CIS 671, Winter 2002
Homework 4: OLAP*

 

  1. An on-line seller of computers wishes to maintain data about orders.  Customers can order their PC with any of several processors, a selected amount of main memory, any of several disk units, and several CD or DVD readers.  The fact table for such a database might be:
  2. Orders(cust, date, proc, memory, disk, cd, quant, price)

    where cust is the customer ID and a foreign key for a dimension table about customers, and proc (processor), disk and cd are similar.  For example, a disk ID might be elaborated in a dimension table giving the manufacturer and several disk characteristics.  The memory attribute is simply an integer: the number of megabytes of memory ordered.  The quant attribute is the number of machines of this type ordered by this customer, and price is the total cost of each machine ordered. 

    1. Which are the dimension attributes, and which are the dependent attributes?
    2. For some of the dimensions attributes, a dimension table is likely to be needed.  Suggest appropriate schemas for these dimension tables.
  3. Suppose that we want to examine the data above to find trends and thus to predict which components the company should order more of.  Describe a series of drill-down and roll-up queries that would lead to the conclusion that customers are beginning to prefer a DVD drive to a CD drive.
  4. To apply the CUBE operator to the example above, we might find it convenient to break several dimensions more finely.  For example, instead of one processor dimension, we might have one dimension for the type (e.g., AMD K-6 or Pentium-III), and another dimension for the speed.  Suggest a set of dimensions and dependent attributes that will allow us to obtain answers to a variety of useful aggregation queries.  In particular, what role does the customer play?  Also the price above referred to the price of one machine, while several identical machines could be ordered in a single tuple.  What should the dependent attribute(s) be?
  5. What tuples of the cube above would you use to answer the following queries?
    1. Find, for each processor speed, the total number of computers ordered in each month of the year 2000.
    2. List for each type of hard disk (e.g., SCSI or IDE) and each processor type the number of computers ordered.
    3. Find the average price of computers with 400 megahertz processors for each month from January 1999.
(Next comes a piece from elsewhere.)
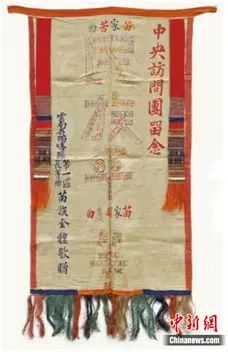 國家民委主辦的“鑄牢中華民族共同體意識文物古籍展”正在民族文化宮展出。圖為展覽中展出的新中國成立后云南省西疇縣第一區(qū)長箐鄉(xiāng)苗族全體敬獻(xiàn)中央訪問團(tuán)的錦旗。民族文化宮供圖

  6. The computers described above do not include monitors.  What dimensions would you suggest to represent monitors?  You may assume the price of the monitor is included in the price of the computer.
  7. The design above is suitable for the CUBE operator.  However, some of the dimensions could also be given a nontrivial lattice structure.  In particular, the processor type could also be organized by manufacturer (e.g., Sun Intel, AMD, Motorola), series (e.g., Sun UltraSparc, Intel Pentium or Celeron, AMD K-series, or Motorola G-series), and model (e.g., Pentium-III or AMD K-6).
    1. Design the lattice of processor types following the examples described above.
    2. Define a view that groups processors by series, hard disks by type, and CD’s by speed, aggregating everything else.
    3. Define a view that groups processors by manufacturer, hard disks by speed, and aggregates everything else except memory size.
    4. Give examples of queries that can be answered from the view of (b) only, the view of (c) only, both, and neither.

 

 

(*) Adapted from Garcia-Molina, Ullman & Widom, Database System Implementation, Prentice-Hall, 2000, pp. 612-632.